> What the exercise asks:
Would you please copy only the lines from the line that contains "Ketiga terdakwa mengikuti" to the end of the data below, exactly, leaving every picture out?

> Task data:
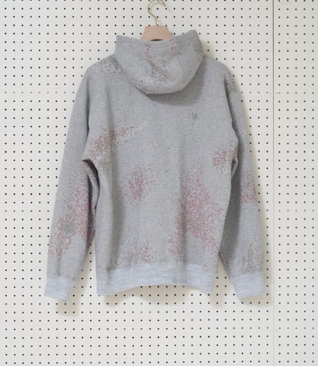 昨今、ジップアップフーディーを見すぎたので自分で縫いつけちゃったようなデザイン。
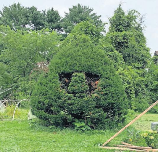 Facing my kitchen window is another yew, a large one that was planted way before I got here. Its previous caretaker and, up to recently I, have maintained it as a large, rounded cone. Last year I decided to make that rounded cone more interesting, copying a topiary in Britain. The design is in its early stages, awaiting some new growth this year to fill in bare stems now showing in interior of the bush.
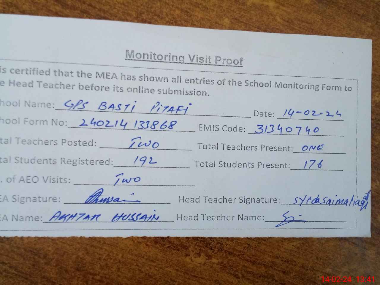 | EMIS Code: 31340740 | Name of School: GPS BASTI PATAFI | |||
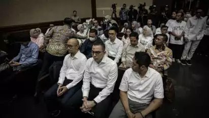 Ketiga terdakwa mengikuti jalannya sidang pembacaan putusan di Pengadilan Tipikor Jakarta dengan pengawalan ketat.
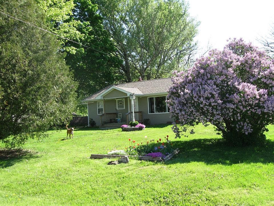 Ranch-style home with vinyl siding, Fenced in yard. 1 car garage.

> Task output:
 Ketiga terdakwa mengikuti jalannya sidang pembacaan putusan di Pengadilan Tipikor Jakarta dengan pengawalan ketat.
 Ranch-style home with vinyl siding, Fenced in yard. 1 car garage.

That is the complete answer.